Nov 4, 2017

Jacqueline Diamond on Medical Romance

What’s a Medical Romance, Anyway?

I had no idea what medical romances were when I started writing them.

The medical field has always interested me, perhaps because my father was a doctor. My own encounters with medicine, aside from routine checkups, came when my husband and I had trouble conceiving. I’m happy to report that our efforts resulted in two wonderful boys.

That was the situation in the 1980s when I began writing romances for Harlequin. A popular theme was the secret baby story. Typical storyline: after the hero disappears or enlists in the military, the heroine discovers she’s pregnant. With no way to reach him (no cell phone! No email!), she raises the baby alone, facing rejection by the townspeople. When he unexpectedly returns, drama ensues.

My challenge was to find credible, engaging twists that fit into our contemporary world. I had fun with ideas like a mix-up at the sperm bank (Designer Genes) and an egg donor who discovers she’s the nanny to her own triplets (Yours, Mine and Ours).

Along the way, I encountered a subgenre called the medical romance. These are stories of people falling in love in a medical setting such as a hospital or clinic. They can be doctors, nurses, technicians, surrogate mothers, even police who interact with medical personnel.

I decided babies and doctors were a natural combination for a series set in a fictional medical center remodeled to focus on fertility and maternity care. I live in California, one of the few places in the world where fertility treatments and practices such as surrogacy and embryo adoption aren’t restricted, so this opened intriguing story possibilities.

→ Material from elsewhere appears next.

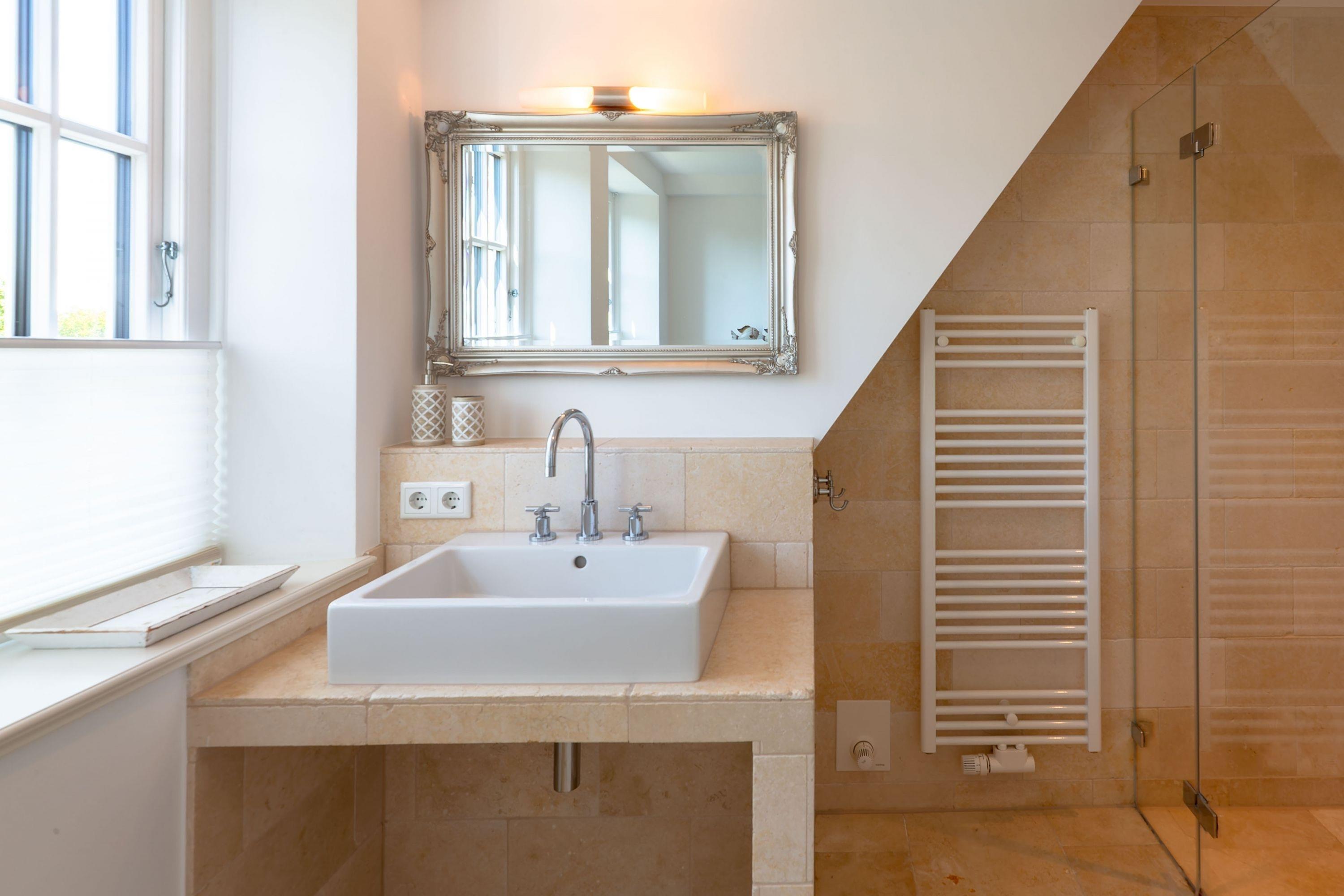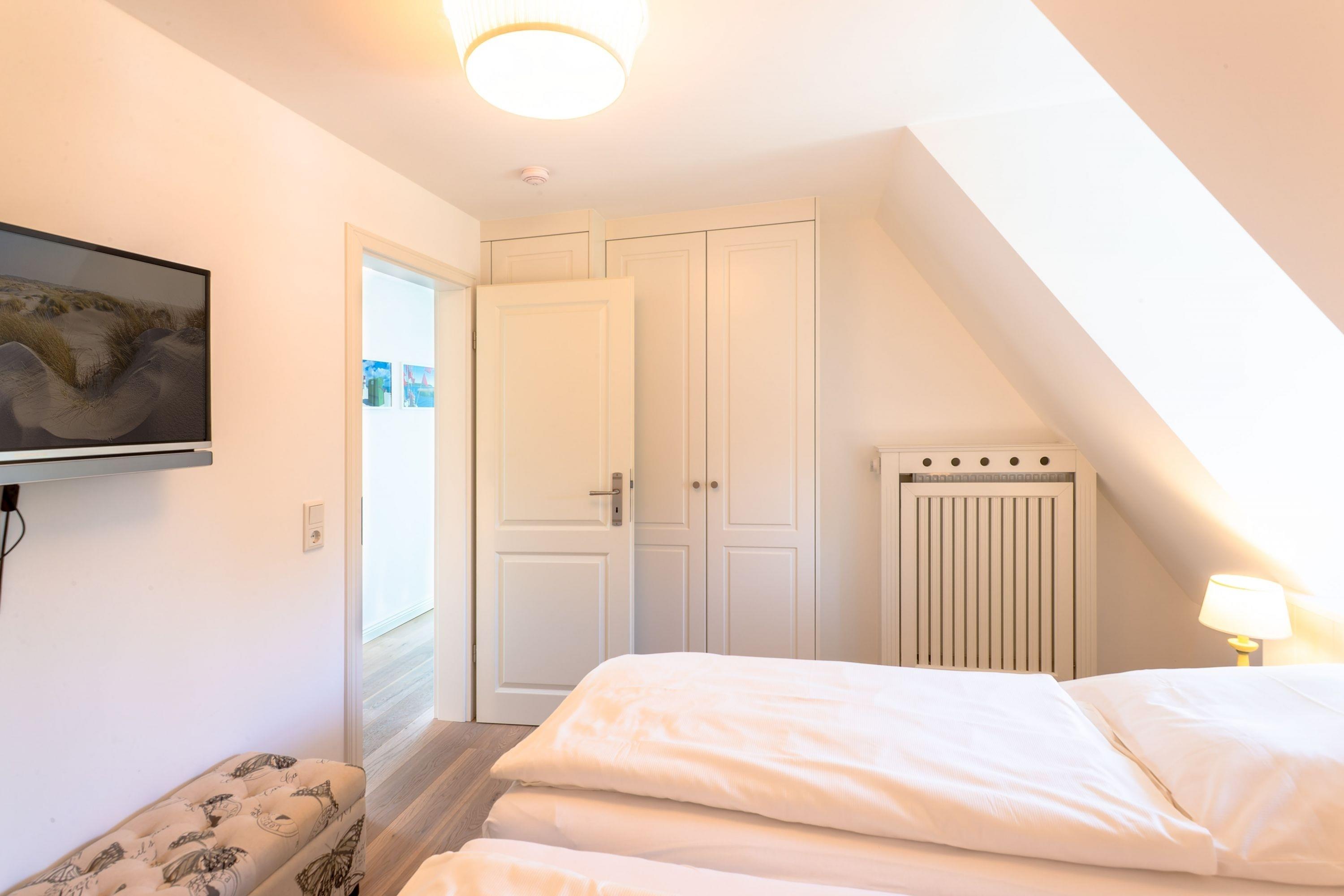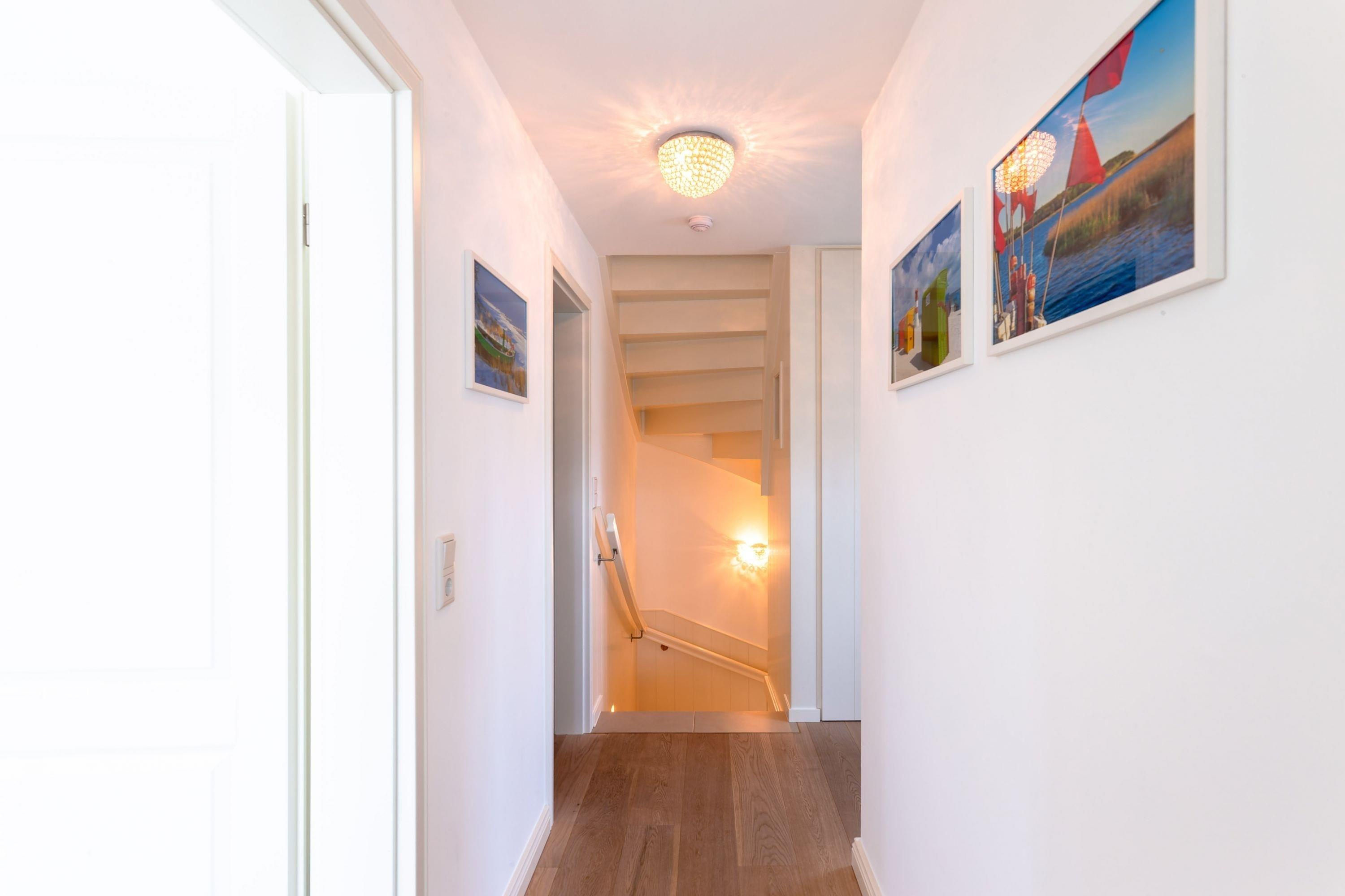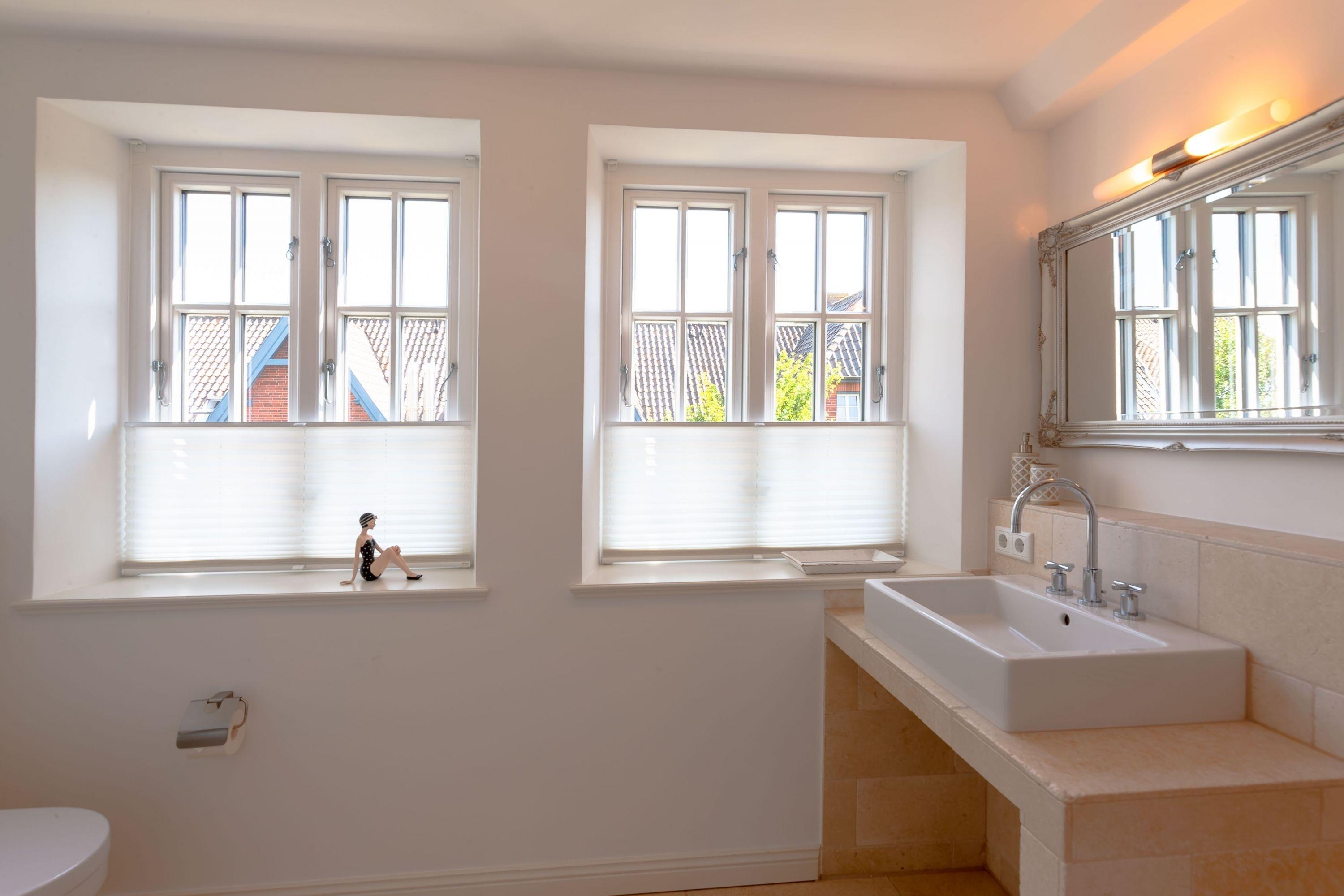 Ein typisches Friesenhaus mit sehr schöner Architektur. Die Summe schöner Details wie Holzsprossenfenster, Reetdach, Fliesen und Holzarbeiten - schafft eine wunderbare Atmosphäre. Das Doppelhaus unter Reet liegt an der Marsch, eingebettet in Wrixum - dem kleinen Nachbarort von Wyk mit dörflichem Charme. In der Nachbarschaft befindet sich ein Café mit leckerem, selbstgebackenem Kuchen, ein Fahrradverleih um die Insel per Rad zu erkunden und die Backstube des ortsansässigen Bäckers. Die Stadt Wyk mit seinen Geschäften und der Promenade sowie vom Strand nur etwa 5 - 10 Fahrradminuten entfernt.

A new law to protect abandoned babies by offering safe havens in hospitals and fire stations got me thinking. What if a news report confused the name of my hospital, Safe Harbor Medical Center, with save havens, leading to a sudden influx of surrendered babies? How would this impact the hospital? How would the story unfold?

Book number one, The Would-Be Mommy, began a journey for me that grew to include 17 Safe Harbor Medical romances. Currently I’m writing a spin-off mystery series, including The Case of The Surly Surrogate. The Safe Harbor Medical Mysteries feature young, widowed obstetrician Eric Darcy, who helps solve crimes that affect his patients, such as when someone murders the father of a surrogate’s baby-to-be. Note: each book in the series can be read separately.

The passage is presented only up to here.